Data entries:
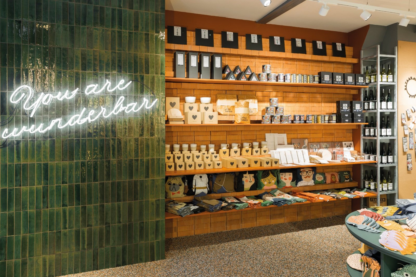 Von der Decke hängende geschwungene Leuchtröhren, Regale, die in den Raum ragen, gedeckte Farben und immer wieder der Schriftzug „you are wunderbar“ – so wagt Robert Duchstein in Koblenz einen gänzlich neuen Auftritt. Mit dem Bazaar of Wunderbar, zentral gelegen neben der Liebfrauenkirche in der Altstadt, will der Regionalfilialist ergänzend zu seinen Reuffel-Buchhandlungen Neues wagen. Der neue Concept Store ist eine eigenständige Marke für Geschenkartikel, an keiner Stelle findet sich das Reuffel-Markenlogo wieder.
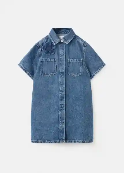 Cierre Delantero Con Botones Cuello Camisero Detalle de Flor en Relieve Diseño Corto Diseño Recto Dos Bolsillos de Parche en el Pecho Manga Corta Tejido 100% Algodón Tejido de Denim - 27094415_Tm.
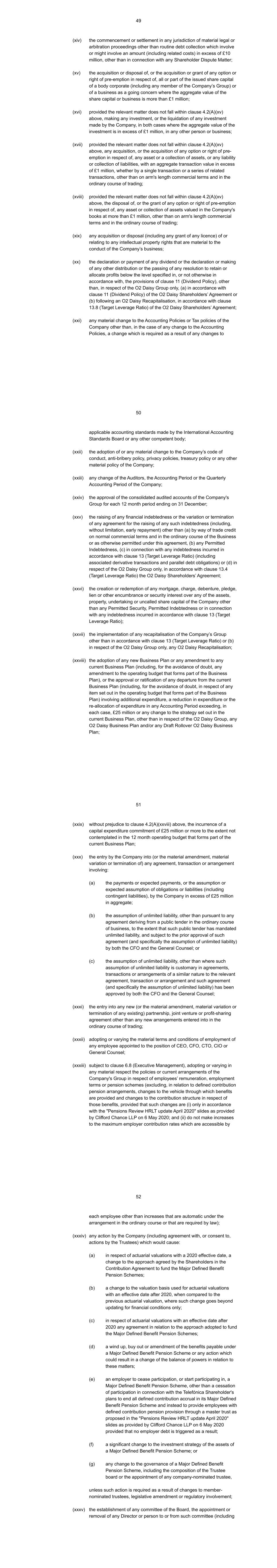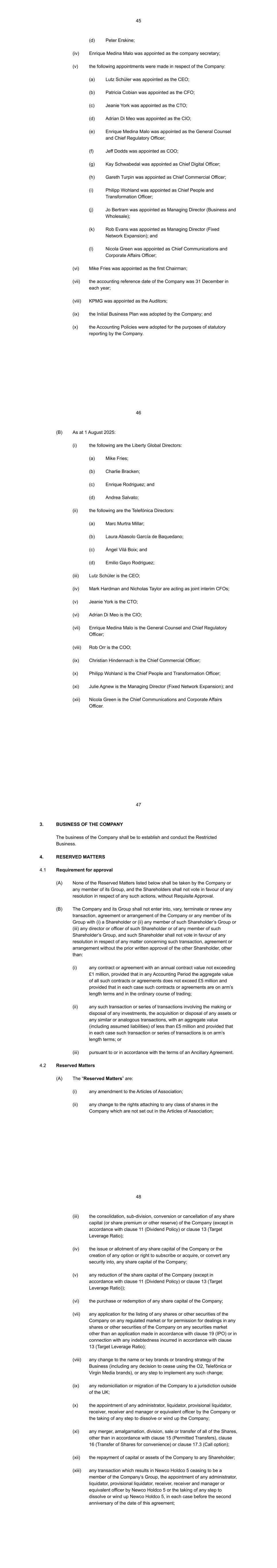 45 (d) Peter Erskine; (iv) Enrique Medina Malo was appointed as the company secretary; (v) the following appointments were made in respect of the Company: (a) Lutz Schüler was appointed as the CEO; (b) Patricia Cobian was appointed as the CFO; (c) Jeanie York was appointed as the CTO; (d) Adrian Di Meo was appointed as the CIO; (e) Enrique Medina Malo was appointed as the General Counsel and Chief Regulatory Officer; (f) Jeff Dodds was appointed as COO; (g) Kay Schwabedal was appointed as Chief Digital Officer; (h) Gareth Turpin was appointed as Chief Commercial Officer; (i) Philipp Wohland was appointed as Chief People and Transformation Officer; (j) Jo Bertram was appointed as Managing Director (Business and Wholesale); (k) Rob Evans was appointed as Managing Director (Fixed Network Expansion); and (l) Nicola Green was appointed as Chief Communications and Corporate Affairs Officer; (vi) Mike Fries was appointed as the first Chairman; (vii) the accounting reference date of the Company was 31 December in each year; (viii) KPMG was appointed as the Auditors; (ix) the Initial Business Plan was adopted by the Company; and (x) the Accounting Policies were adopted for the purposes of statutory reporting by the Company. 46 (B) As at 1 August 2025: (i) the following are the Liberty Global Directors: (a) Mike Fries; (b) Charlie Bracken; (c) Enrique Rodriguez; and (d) Andrea Salvato; (ii) the following are the Telefónica Directors: (a) Marc Murtra Millar; (b) Laura Abasolo García de Baquedano; (c) Ángel Vilá Boix; and (d) Emilio Gayo Rodriguez; (iii) Lutz Schüler is the CEO; (iv) Mark Hardman and Nicholas Taylor are acting as joint interim CFOs; (v) Jeanie York is the CTO; (vi) Adrian Di Meo is the CIO; (vii) Enrique Medina Malo is the General Counsel and Chief Regulatory Officer; (viii) Rob Orr is the COO; (ix) Christian Hindennach is the Chief Commercial Officer; (x) Philipp Wohland is the Chief People and Transformation Officer; (xi) Julie Agnew is the Managing Director (Fixed Network Expansion); and (xii) Nicola Green is the Chief Communications and Corporate Affairs Officer. 47 3. BUSINESS OF THE COMPANY The business of the Company shall be to establish and conduct the Restricted Business. 4. RESERVED MATTERS 4.1 Requirement for approval (A) None of the Reserved Matters listed below shall be taken by the Company or any member of its Group, and the Shareholders shall not vote in favour of any resolution in respect of any such actions, without Requisite Approval. (B) The Company and its Group shall not enter into, vary, terminate or renew any transaction, agreement or arrangement of the Company or any member of its Group with (i) a Shareholder or (ii) any member of such Shareholder’s Group or (iii) any director or officer of such Shareholder or of any member of such Shareholder’s Group, and such Shareholder shall not vote in favour of any resolution in respect of any matter concerning such transaction, agreement or arrangement without the prior written approval of the other Shareholder, other than: (i) any contract or agreement with an annual contract value not exceeding £1 million, provided that in any Accounting Period the aggregate value of all such contracts or agreements does not exceed £5 million and provided that in each case such contracts or agreements are on arm’s length terms and in the ordinary course of trading; (ii) any such transaction or series of transactions involving the making or disposal of any investments, the acquisition or disposal of any assets or any similar or analogous transactions, with an aggregate value (including assumed liabilities) of less than £5 million and provided that in each case such transaction or series of transactions is on arm’s length terms; or (iii) pursuant to or in accordance with the terms of an Ancillary Agreement. 4.2 Reserved Matters (A) The “Reserved Matters” are: (i) any amendment to the Articles of Association; (ii) any change to the rights attaching to any class of shares in the Company which are not set out in the Articles of Association; 48 (iii) the consolidation, sub-division, conversion or cancellation of any share capital (or share premium or other reserve) of the Company (except in accordance with clause 11 (Dividend Policy) or clause 13 (Target Leverage Ratio); (iv) the issue or allotment of any share capital of the Company or the creation of any option or right to subscribe or acquire, or convert any security into, any share capital of the Company; (v) any reduction of the share capital of the Company (except in accordance with clause 11 (Dividend Policy) or clause 13 (Target Leverage Ratio)); (vi) the purchase or redemption of any share capital of the Company; (vii) any application for the listing of any shares or other securities of the Company on any regulated market or for permission for dealings in any shares or other securities of the Company on any securities market other than an application made in accordance with clause 19 (IPO) or in connection with any indebtedness incurred in accordance with clause 13 (Target Leverage Ratio); (viii) any change to the name or key brands or branding strategy of the Business (including any decision to cease using the O2, Telefónica or Virgin Media brands), or any step to implement any such change; (ix) any redomiciliation or migration of the Company to a jurisdiction outside of the UK; (x) the appointment of any administrator, liquidator, provisional liquidator, receiver, receiver and manager or equivalent officer by the Company or the taking of any step to dissolve or wind up the Company; (xi) any merger, amalgamation, division, sale or transfer of all of the Shares, other than in accordance with clause 15 (Permitted Transfers), clause 16 (Transfer of Shares for convenience) or clause 17.3 (Call option); (xii) the repayment of capital or assets of the Company to any Shareholder; (xiii) any transaction which results in Newco Holdco 5 ceasing to be a member of the 
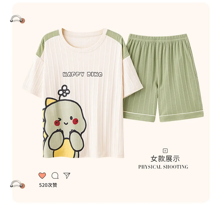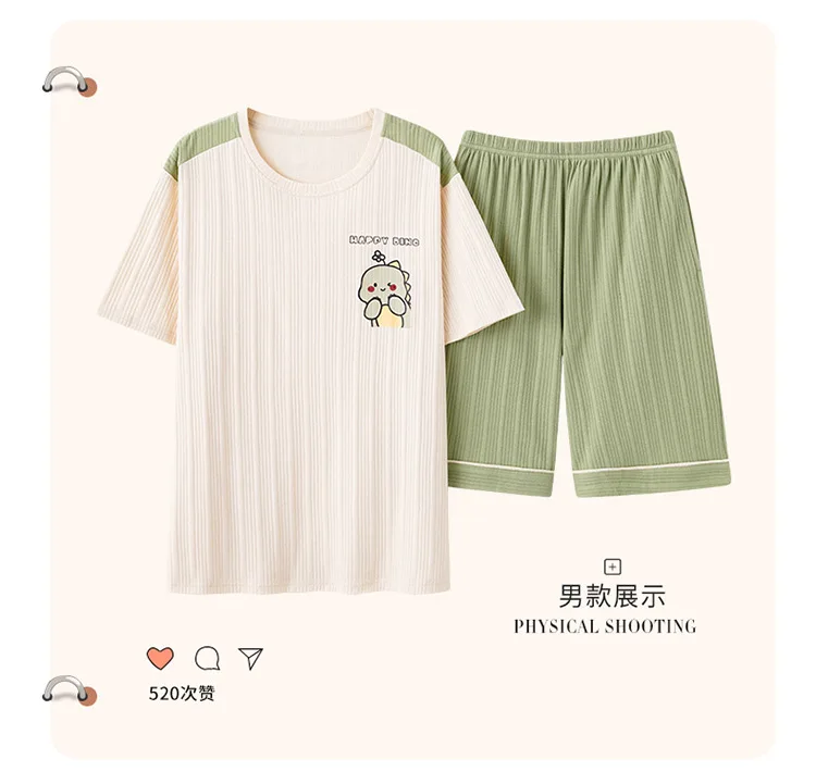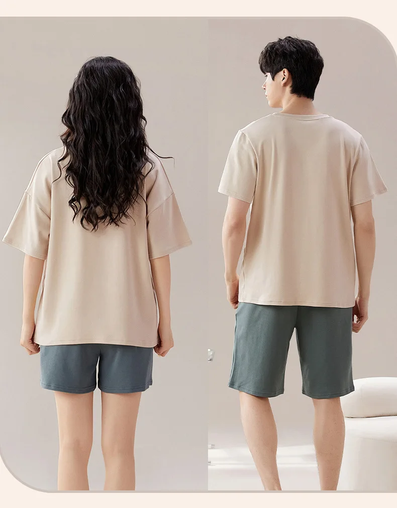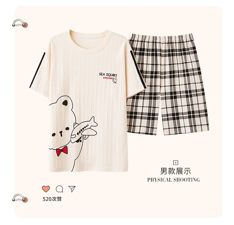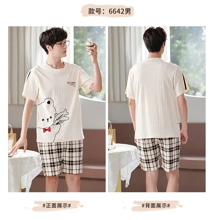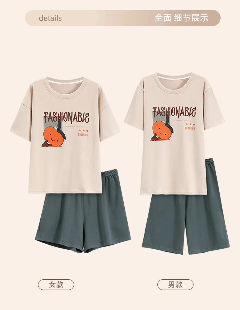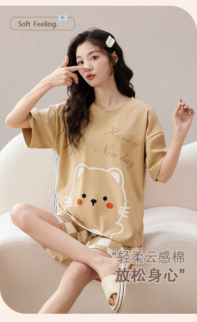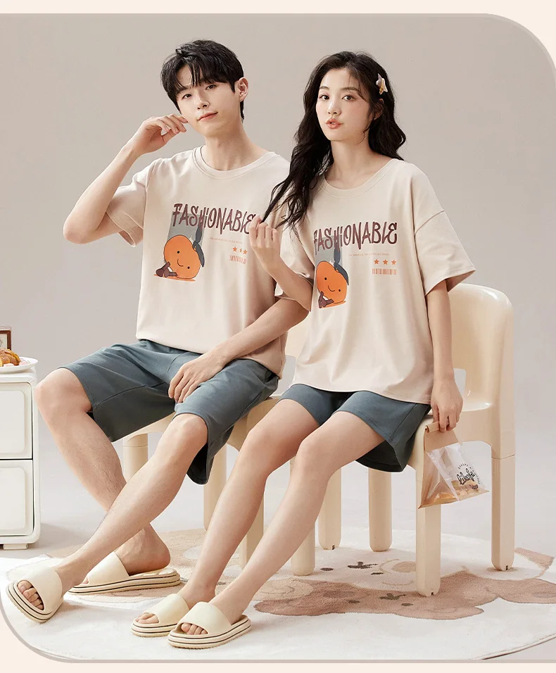 Pyjama Couple Été Coton Chat Dessin Animé Ensemble Nuit
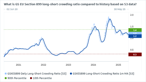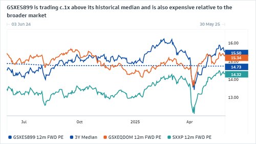 A pesar de ello, la valoración del índice GS EU Section 899 (GSXES899) se mantiene por encima de su valor histórico reciente. La cesta también es cara en comparación con el GSXEQDOM y el mercado en general (STOXX 600). Un retorno a su múltiplo medio a 3 años implica una caída de más del 5 % con respecto a los niveles actuales.
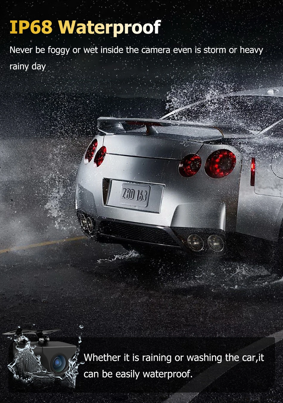 Устанавливается на номерной знак, выдерживает сильный дождь.
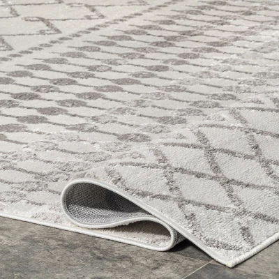 This rugs geometric trellis pattern blends Moroccan-inspired style with functional comfort. Made of soft and cozy synthetic fibers, it is stain resistant and kid and pet friendly. The machine-made construction means this rug will last through even the busiest rooms in your home. A rug pad is recommended to prevent slipping and to keep the rug lying flat in one place.
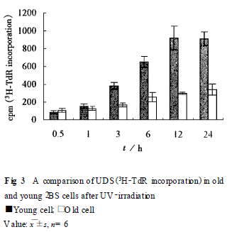 213 DNA 修復(fù)能力比較 以3H2TdR 參入法測(cè)定非程序性DNA 合成(UDS) , 以表示DNA 總修復(fù)能力. 從F ig. 3 可見, 在紫外線照射后12 h 左右UDS達(dá)峰值. 衰老2BS 細(xì)胞的修復(fù)能力明顯低于年輕細(xì)胞(P < 0101).
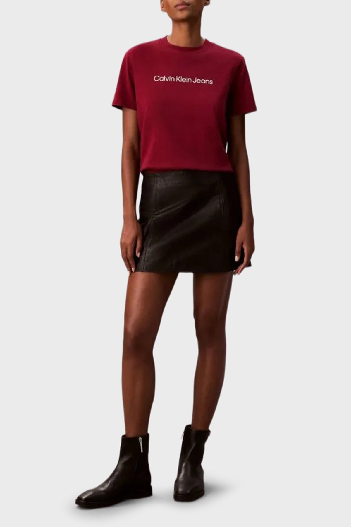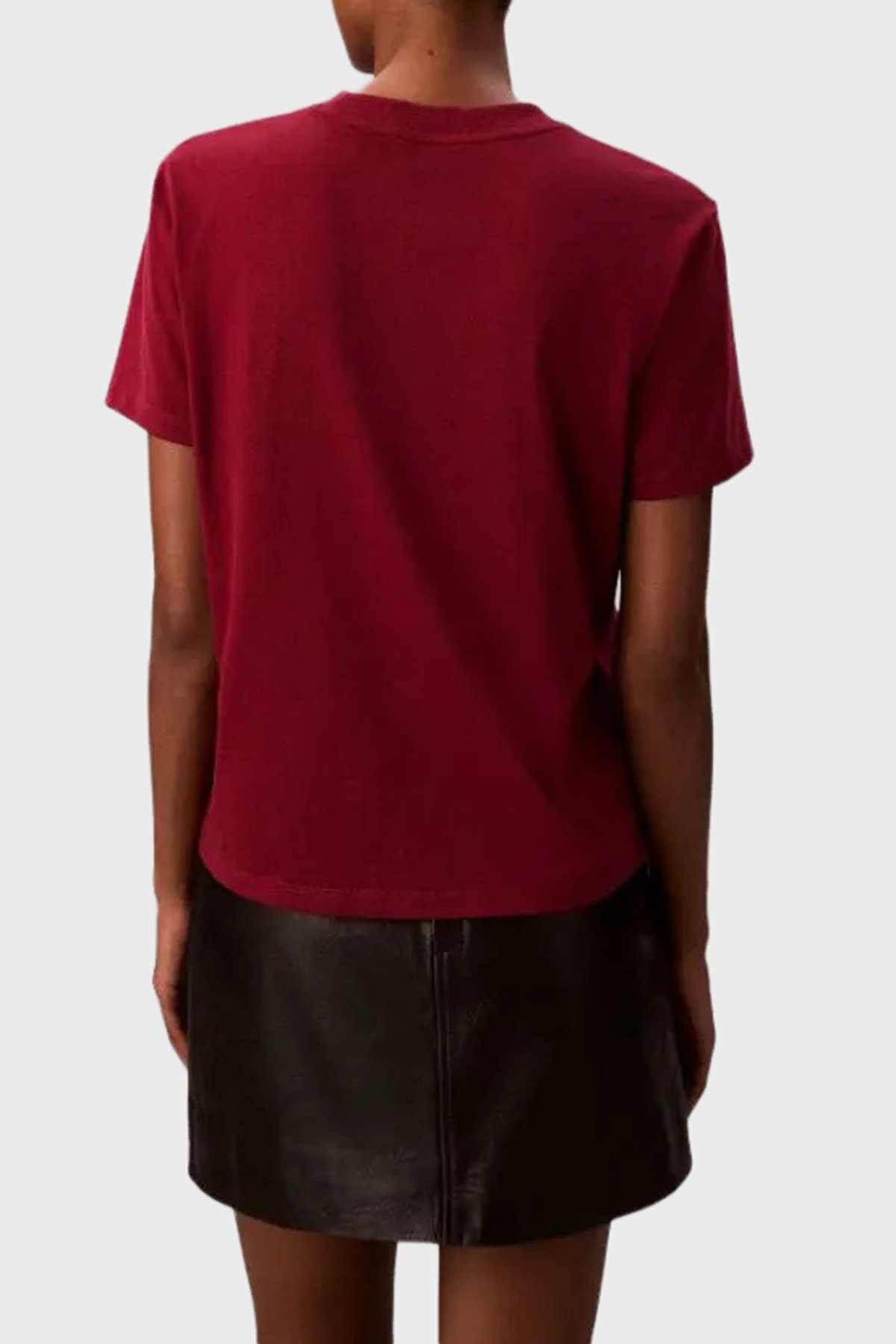% 100 Pamuk Regular Fit Bisiklet Yaka Logolu LV047C912GWFK Bayan T Shirt LV047C912G WFK BORDO

- Required work: Beginning with the first line of the records and ending with the line that contains "Cierre Delantero Con", reproduce every line exactly, omitting pictures and adding nothing.

- Solution to this exercise:
 Von der Decke hängende geschwungene Leuchtröhren, Regale, die in den Raum ragen, gedeckte Farben und immer wieder der Schriftzug „you are wunderbar“ – so wagt Robert Duchstein in Koblenz einen gänzlich neuen Auftritt. Mit dem Bazaar of Wunderbar, zentral gelegen neben der Liebfrauenkirche in der Altstadt, will der Regionalfilialist ergänzend zu seinen Reuffel-Buchhandlungen Neues wagen. Der neue Concept Store ist eine eigenständige Marke für Geschenkartikel, an keiner Stelle findet sich das Reuffel-Markenlogo wieder.
 Cierre Delantero Con Botones Cuello Camisero Detalle de Flor en Relieve Diseño Corto Diseño Recto Dos Bolsillos de Parche en el Pecho Manga Corta Tejido 100% Algodón Tejido de Denim - 27094415_Tm.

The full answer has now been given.